---- Given material
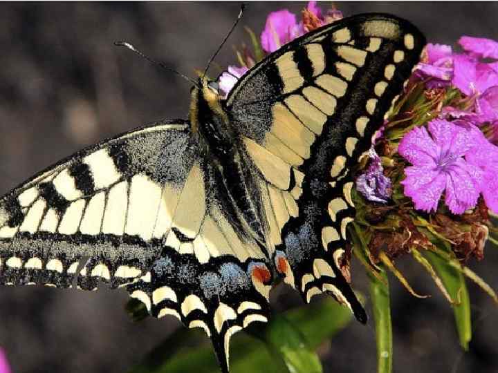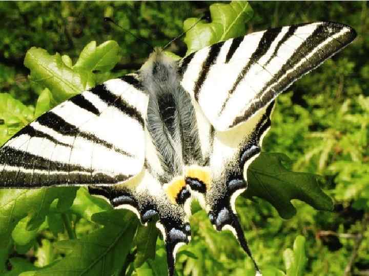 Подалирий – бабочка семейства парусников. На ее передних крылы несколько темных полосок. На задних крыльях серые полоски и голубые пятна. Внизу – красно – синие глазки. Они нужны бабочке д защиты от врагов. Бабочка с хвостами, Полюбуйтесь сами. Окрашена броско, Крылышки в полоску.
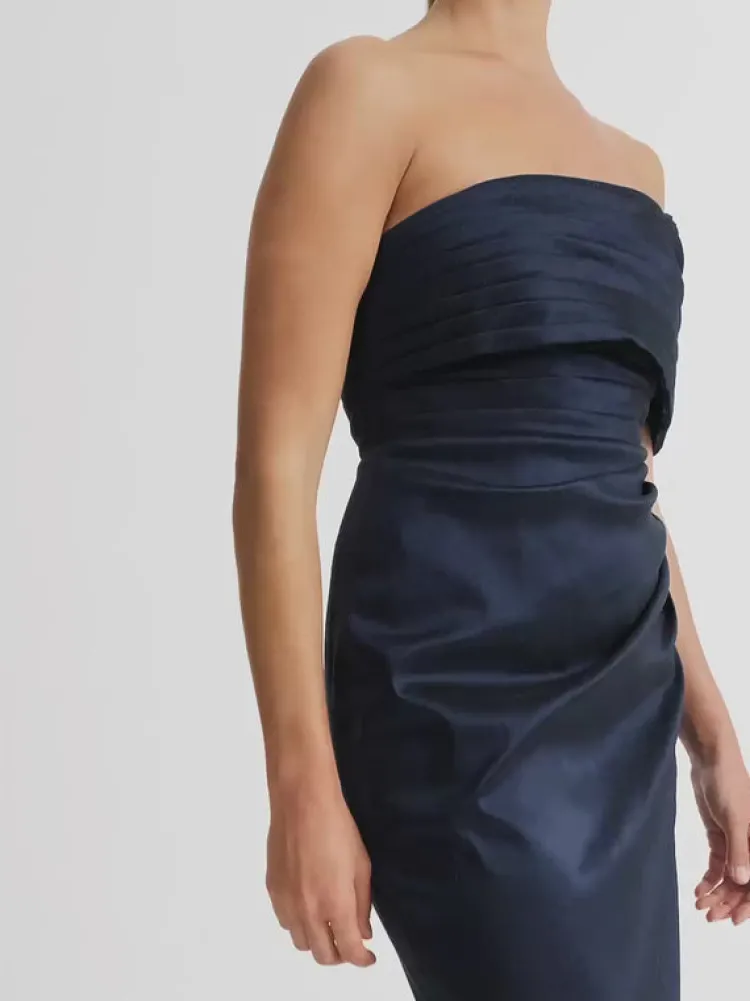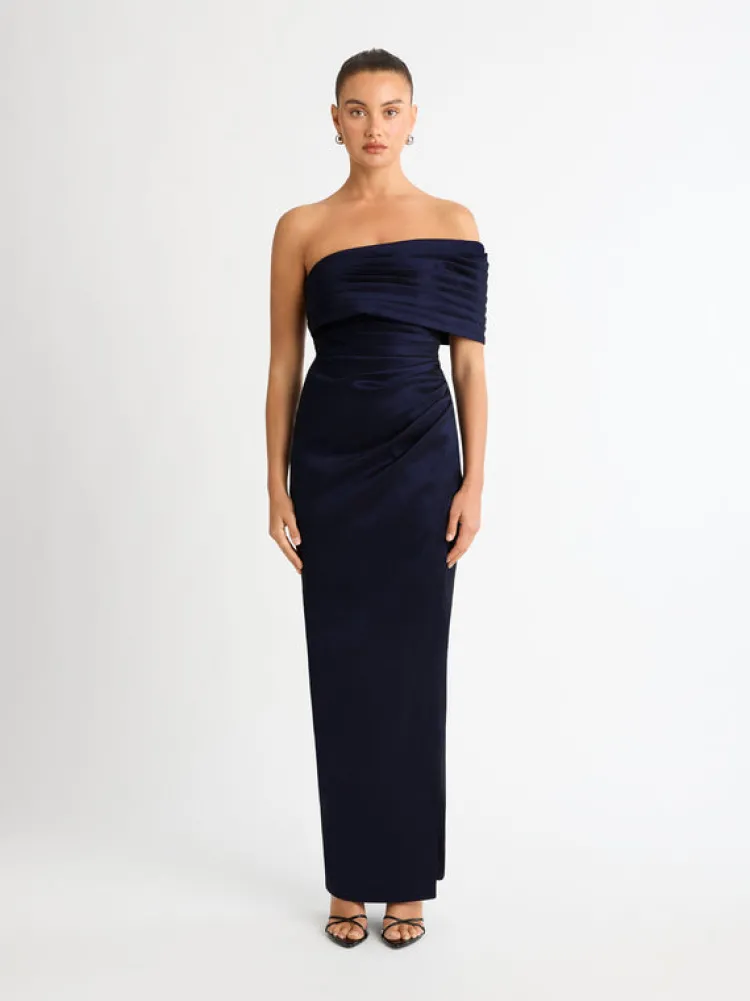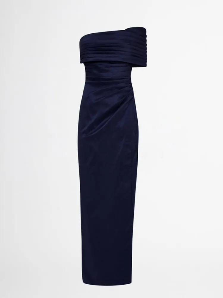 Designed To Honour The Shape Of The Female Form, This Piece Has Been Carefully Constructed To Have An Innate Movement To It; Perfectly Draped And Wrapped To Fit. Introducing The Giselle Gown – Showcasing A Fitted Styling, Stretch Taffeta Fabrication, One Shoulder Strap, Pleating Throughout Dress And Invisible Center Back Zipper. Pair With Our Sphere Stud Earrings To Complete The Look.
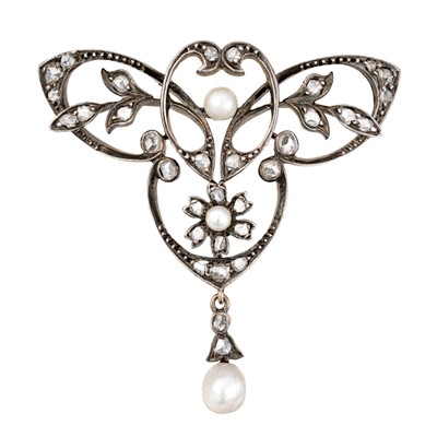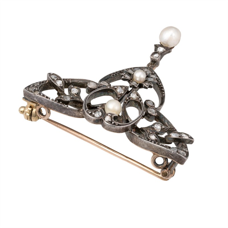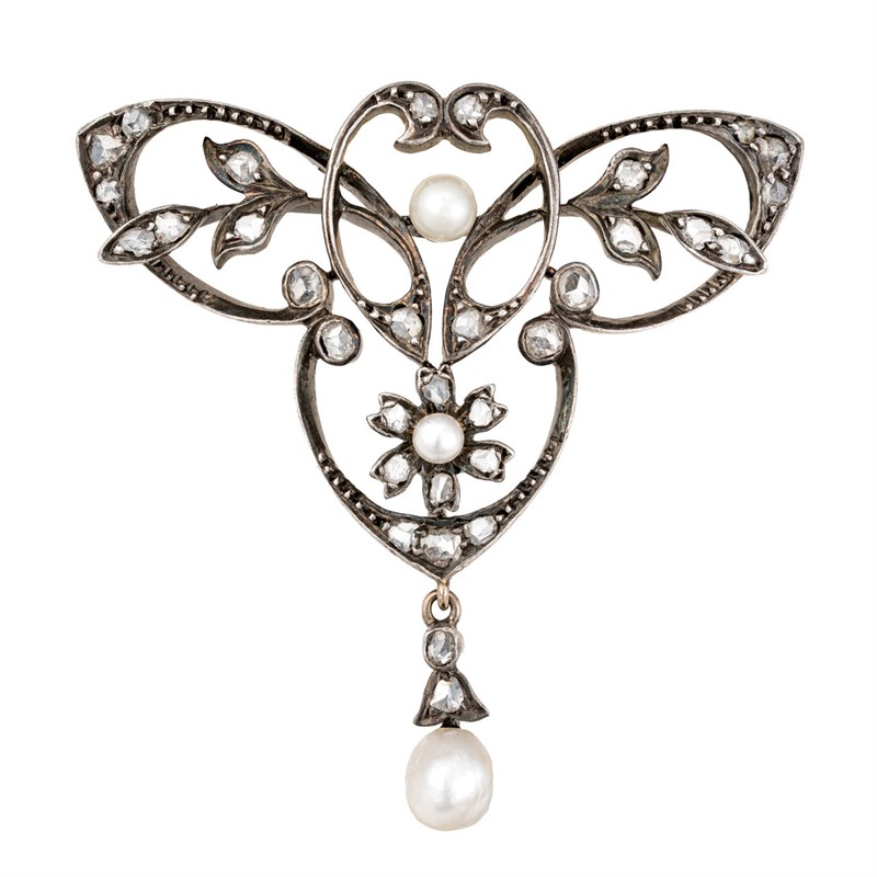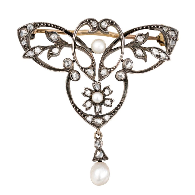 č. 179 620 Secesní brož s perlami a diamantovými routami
--------
Prompt → Would you give again exactly the lines from the line containing "Designed To Honour" through the end of the listing, both ends included, without any pictures?

Output for this task →
 Designed To Honour The Shape Of The Female Form, This Piece Has Been Carefully Constructed To Have An Innate Movement To It; Perfectly Draped And Wrapped To Fit. Introducing The Giselle Gown – Showcasing A Fitted Styling, Stretch Taffeta Fabrication, One Shoulder Strap, Pleating Throughout Dress And Invisible Center Back Zipper. Pair With Our Sphere Stud Earrings To Complete The Look.
 č. 179 620 Secesní brož s perlami a diamantovými routami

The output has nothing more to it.